[Extracted records]
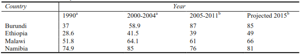Table 2 shows the trend of adult literacy rate in some selected African countries taking the year 1990 as a baseline, where countries affirmed their commitment towards achieving EFA goals. Burundi can be a good example in Africa for the highest record in increment of adult literacy in 20 years. Both Malawi and Burundi are cited for their effective policies in adult literacy which, though not significant in Malawi, has made Burundi increase its literacy rate by 50% between 1990 and 2011 (UNESCO, 2011). Moreover, as can be seen from table 2, Namibia has high adult literacy rate in 1990 which increased by 10% in 15 years and went down to 76 after 5 years. However, Namibia was often cited as a country which has inexpensive literacy policies, strong leadership, clear targets supported by financial commitment (UNECO, 2006). Moreover, Namibia has intended to achieve 90% literacy rate by 2015 by integrating the literacy program with local needs and by decentralizing its process (UNESCO, 2011). As can be seen from table 2, compared to Malawi and Namibia, Ethiopia showed an important increase in its adult literacy rate between 1990 and 2004. In 2011, however, Ethiopia was among eight countries with adult literacy rate at or below 40%. In this regard, Ethiopia as part of Sub-Saharan Africa is unlikely to reach the Education for All literacy target set for 2015 (UNESCO, 2011).
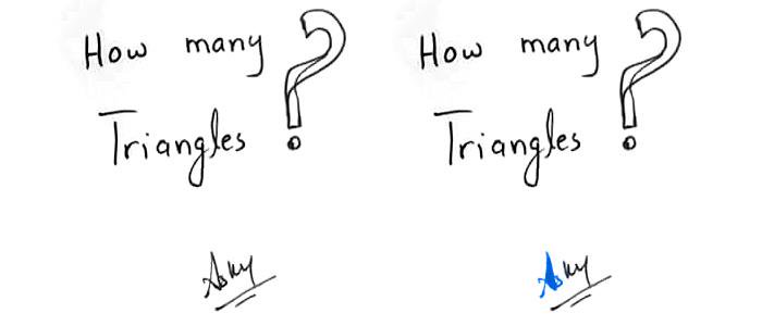 إلا أن الخدعة الحقيقية في هذا الاختبار، تمثلت في أن الإجابة الصحيحة كانت 25 مثلثا وليس 24، إذا كان هناك مثلثا مستترا في توقيع صاحب الاختبار.
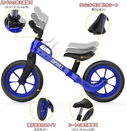 Thinkmax キッズバイク ペダルなし自転車 キックバイク 12インチ 高さ調整可能 子供用自転車 2~5歳 ブルー
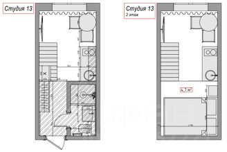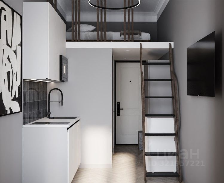 Студия имеет 2 уровня - дополнительное спальное место наверху позволяет максимально использовать полезную площадь. Удобство для жизни и дополнительный доход для сдачи в аренду.
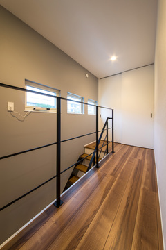お施主様の「みんなに自慢したくなるような家」というご要望を基に、外観は大小のグレーの箱を重ねて個性的に、室内はインダストリアル✖和が融合した独創空間をカタチにしました。
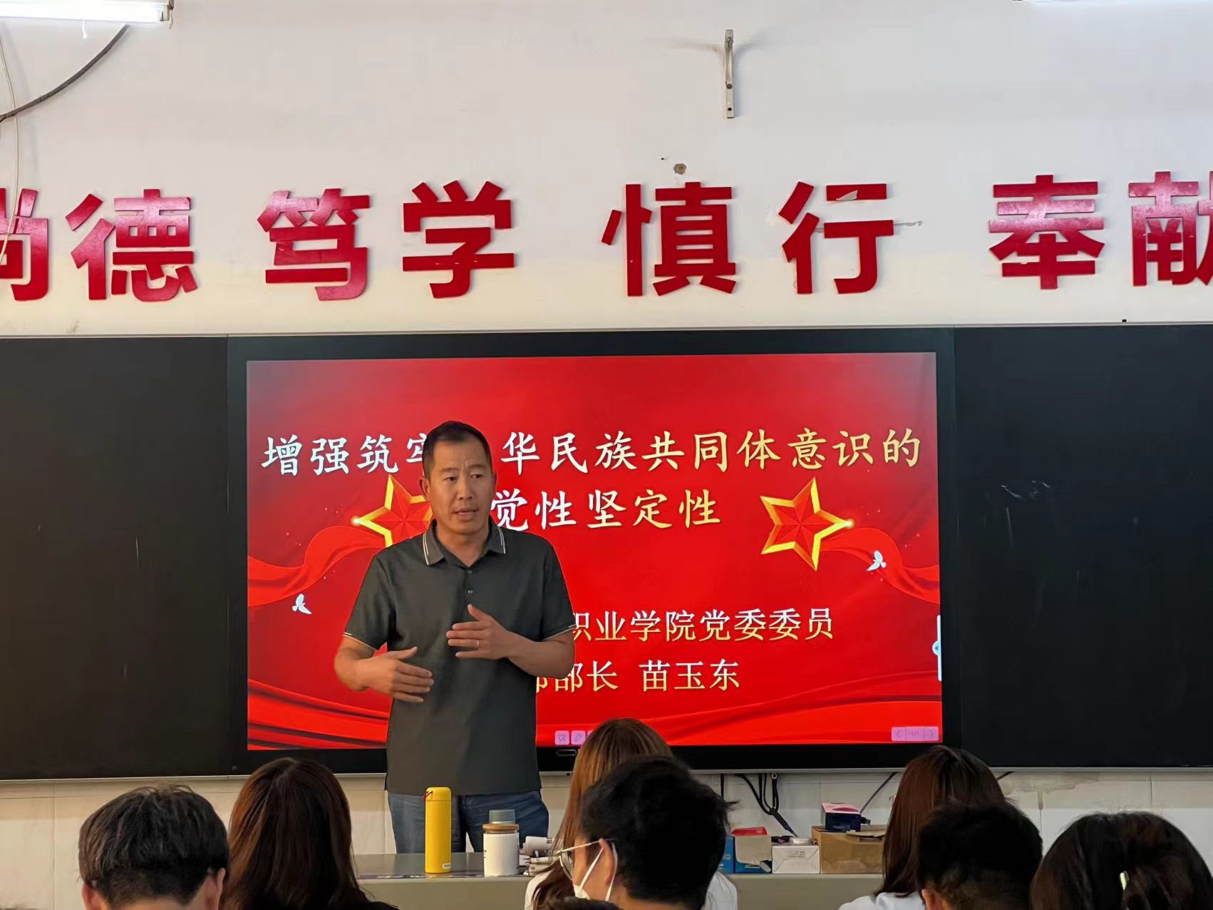 6月13日下午,党委宣传部部长苗玉东走进2022级中医康复技术1班,以“增强筑牢中华民族共同体意识的自觉性坚定性”为题讲授了一堂生动的思政课。
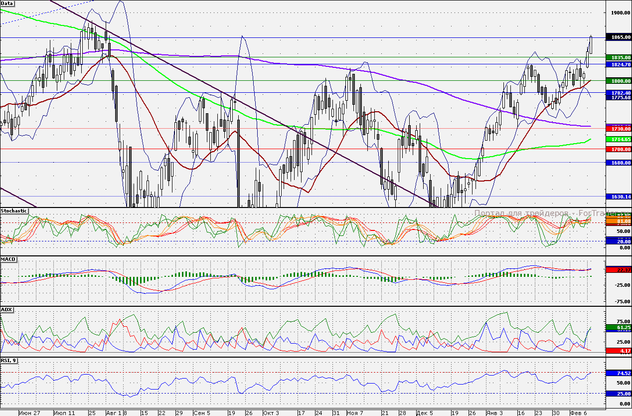 Ближайшие уровни поддержки: 1850,00/1825,00/1810,00/1800,00
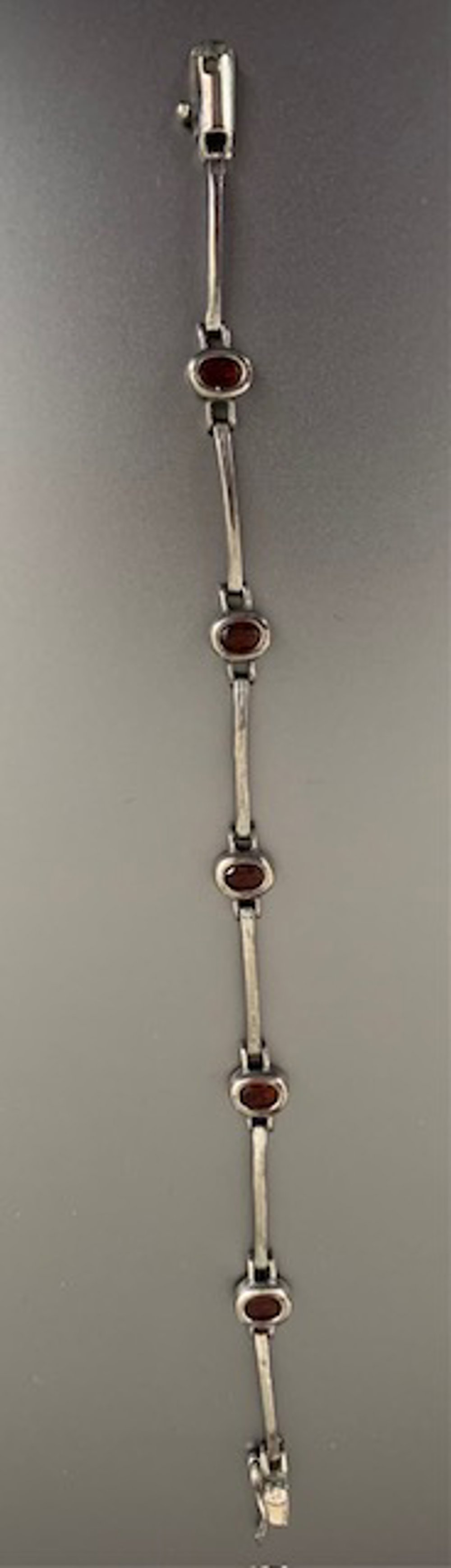 Sterling silver and garnet bracelet Measures 7" long. So this would be for a slightly smaller wrist. The standard bracelet size is 7 1/2". Marked FAS and 925. Age appropriate wear. Safety clasp on side. Weighs 6.8 grams. Good shape! Can use a polish. I will give it a quickie polish before shipping.
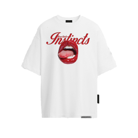 Make a statement without saying a word. The Instincts oversized tee blends bold energy with street-ready comfort. Featuring a high-impact red lips graphic and retro “Instincts” lettering, this piece captures raw emotion and attitude in every stitch.
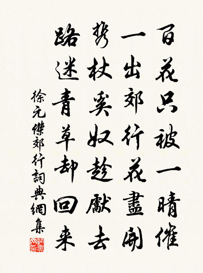 詩詞名句歷史字典書法欣賞書法字典國語詞典說文解字康熙字典古漢語字典標 題 作 者 詩 句 郊行作者:徐元傑 朝代:宋代郊行原文百花只被一晴催,一出郊行花盡開。攜杖奚奴趁先去,路迷青草卻回來。詩詞問答問:郊行的作者是誰?答:徐元傑問:郊行寫於哪個朝代?答:宋代徐元傑郊行書法欣賞郊行書法作品詩詞推薦句辛棄疾〔宋代〕身為參禪老,家因赴詔貧。句滕岑〔宋代〕苔痕遺鳥爪,菊本寄蛩音。詩陸機〔魏晉〕瓮余殘酒。膝有橫琴。元日平江作陳藻〔宋代〕草粿京糰要賀年,玉融風俗不同天。元正犯醉長洲市,又憶浮家厭海鮮。寒食相將諸子游翟得園十詩楊萬里〔宋代〕柳條老去尚青鮮,下有清渠遶野田。波面落花相趁走,避風爭泊岸傍邊。三疊劉克莊〔宋代〕早知粉黛非真色,晚覺雕鐫損自然。天巧千林均一氣,人痴一葉費三年。贈進賢劉令陸游〔宋代〕簿領塵埃里,超然見鳳麟。性疏忘顧忌,學大有經綸。正論雖頻接,高標豈易親。向來相識晚,吾黨欠斯人。趙令晏崔白大圖幅徑三丈蘇軾〔宋代〕扶桑大繭如瓮盎,天女織綃雲漢上。往來不遣鳳銜梭,誰能鼓臂投三丈。人間刀尺不敢裁,丹青付與濠梁崔。風蒲送苗推官釋遵式〔宋代〕官滿載琴書,乘春入上都。煙波離遠岸,桃李發中途。俸薄尊常淺,詩清道太孤。登朝無恨晚,未有白髭鬚。李寅之招飲同登九江城方回〔宋代〕清湍嚴子灘,僻塢任公寺。荒涼茅屋居,蹇淺石田蒔。危蹤璧偶完,暮景駕已稅。閒門幸常關,奧帙尚多味。七夕南定樓飲同官魏了翁〔宋代〕誰將明星貼天定,州國宮垣象官府。更將四七隨天旋,常以昏中殷四序。迢迢河漢沖秋旻,前有蒼龍履玄武。牽牛競渡元稹〔唐代〕吾觀競舟子,因測大競源。天地昔將競,蓬勃晝夜昏。龍蛇相嗔薄,海岱俱崩奔。群動皆攪撓,化作流渾渾。數極品令呂渭老〔宋代〕繡衣未整。傍窗格、臨清鏡。新霜薄霧,這下幾日,陰晴不定。欲插黃花,心事又還記省。去年香徑。共粉蝶、閒桃源行王景月〔宋代〕秦皇有地包沙漠,秦民無地堪托足。民心咫尺不戴秦,秦令安能到空谷。商山紫芝青門瓜,武陵洞底栽桃花。草木和主司王起(一作和主司酬周侍郎)林滋〔唐代〕龍門一變荷生成,況是三傳不朽名。美譽早聞喧北闕,頹波今見走東瀛。鴛行既接參差影,雞樹仍同次第榮。從此上越州楊嚴中丞方乾〔唐代〕連枝棣萼世無雙,未秉鴻鈞擁大邦。折桂早聞推獨步,分憂暫輟過重江。晴尋鳳沼雲中樹,思繞稽山枕上窗。試把除日/除夜朱淑真〔宋代〕爆竹聲中臘已殘,紺酥酒暖燭花寒。朦朧曉色籠春色,便覺風光不一般。詠史下慕容恪陳普〔宋代〕霜雹風沙雜亂飛,段龕地下見春歸。時來但處周公位,歷舉華人百世希。秋夜齋中陸游〔宋代〕木落煙深江上村,暮秋蕭瑟不堪論。雁如著意頻驚枕,月似知愁故入門。營道數峰新石友,廣陵一曲古桐孫。亦知次韻感春五首黃庭堅〔宋代〕鳥聲春漸長,煙雨春薄暮。風光不長妍,如客暫時寓。芸芸物爭時,天地有常度。我行睹大河,黃流日東騖。喟然名句推薦竹竿有甘苦,我愛抱苦節。孟郊《苦寒吟》 積學以儲寶,酌理以富才劉勰《文心雕龍·神思》 師嚴然後道尊,道尊然後民知敬學。戴聖《禮記·學記》 猶有遺簪,不展秋心,能卷幾多炎熱。張炎《疏影·詠荷葉》 名利之不宜得者竟得之,福終為禍;困窮之最難耐者能耐之,苦定回甘。王永彬《圍爐夜話·第十則》 牛困人飢日已高,市南門外泥中歇。白居易《賣炭翁》 莫嫌白髮不思量,也須有、思量去里。辛棄疾《鵲橋仙·送粉卿行》 鳧脛雖短,續之則憂;鶴脛雖長,斷之則悲。莊子《莊子·外篇·駢拇》 秋風吹地百草乾,華容碧影生晚寒。李賀《開愁歌》 黃埃散漫風蕭索,雲棧縈紆登劍閣。白居易《長恨歌》
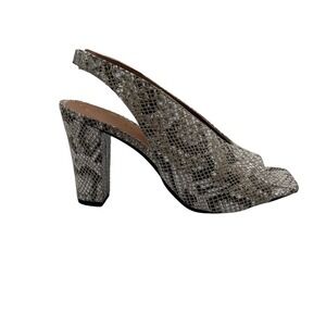 Journee Collection Shoes Women 10 Gray 100% Leather Elena Snakeskin Peep Toe NEW
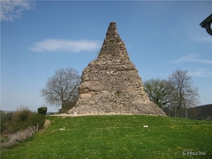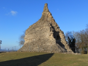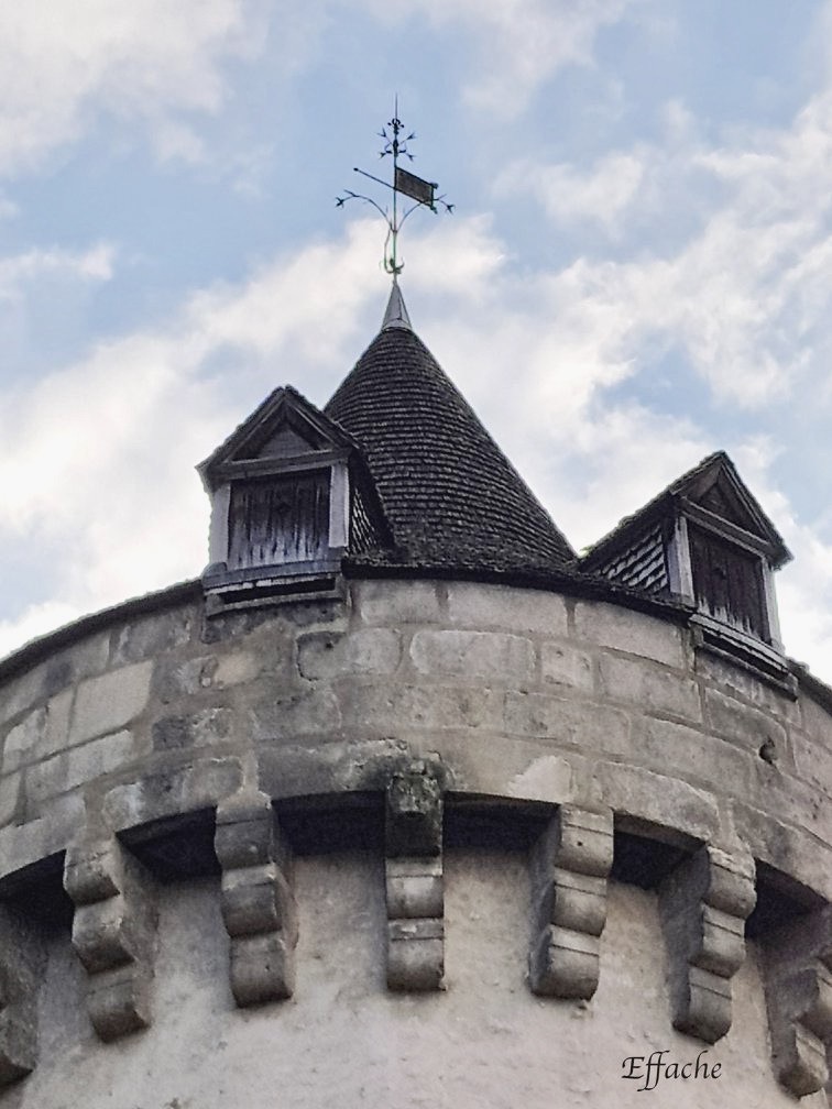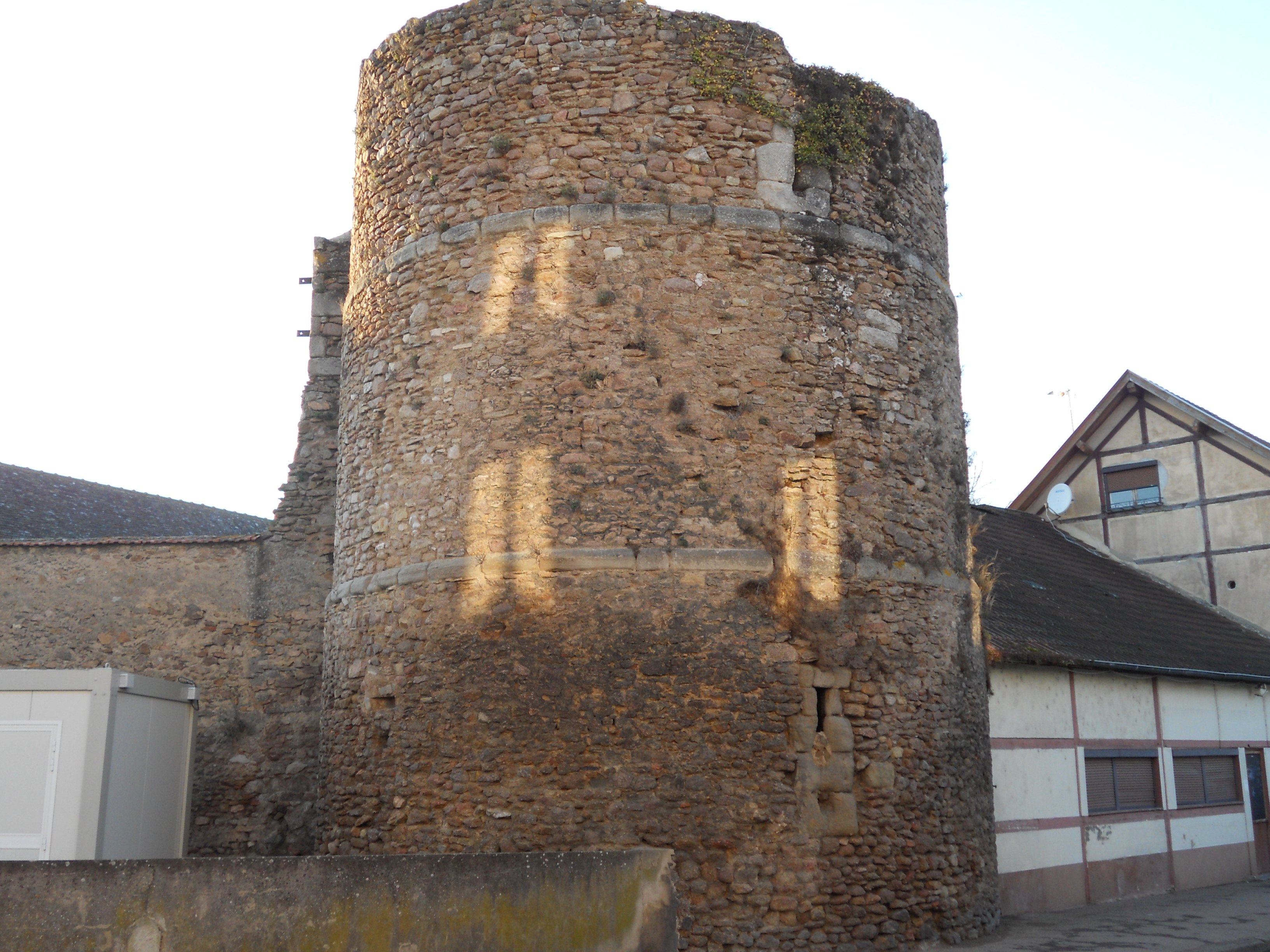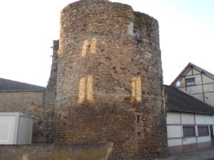 La tour ci-dessus, à 3 niveaux, aussi appelée « Tour de la chauve-souris » ou « Tour de la Chavoiche », est percée de meurtrières mais ne présente aucun créneau.

Task directions ▸
Reproduce, word for word, only the lines in the records above from the line with "إلا أن الخدعة" through the line with "Make a statement", including both ends; omit the pictures.

Result of the task ▸
 إلا أن الخدعة الحقيقية في هذا الاختبار، تمثلت في أن الإجابة الصحيحة كانت 25 مثلثا وليس 24، إذا كان هناك مثلثا مستترا في توقيع صاحب الاختبار.
 Thinkmax キッズバイク ペダルなし自転車 キックバイク 12インチ 高さ調整可能 子供用自転車 2~5歳 ブルー
 Студия имеет 2 уровня - дополнительное спальное место наверху позволяет максимально использовать полезную площадь. Удобство для жизни и дополнительный доход для сдачи в аренду.
お施主様の「みんなに自慢したくなるような家」というご要望を基に、外観は大小のグレーの箱を重ねて個性的に、室内はインダストリアル✖和が融合した独創空間をカタチにしました。
 6月13日下午,党委宣传部部长苗玉东走进2022级中医康复技术1班,以“增强筑牢中华民族共同体意识的自觉性坚定性”为题讲授了一堂生动的思政课。
 Ближайшие уровни поддержки: 1850,00/1825,00/1810,00/1800,00
 Sterling silver and garnet bracelet Measures 7" long. So this would be for a slightly smaller wrist. The standard bracelet size is 7 1/2". Marked FAS and 925. Age appropriate wear. Safety clasp on side. Weighs 6.8 grams. Good shape! Can use a polish. I will give it a quickie polish before shipping.
 Make a statement without saying a word. The Instincts oversized tee blends bold energy with street-ready comfort. Featuring a high-impact red lips graphic and retro “Instincts” lettering, this piece captures raw emotion and attitude in every stitch.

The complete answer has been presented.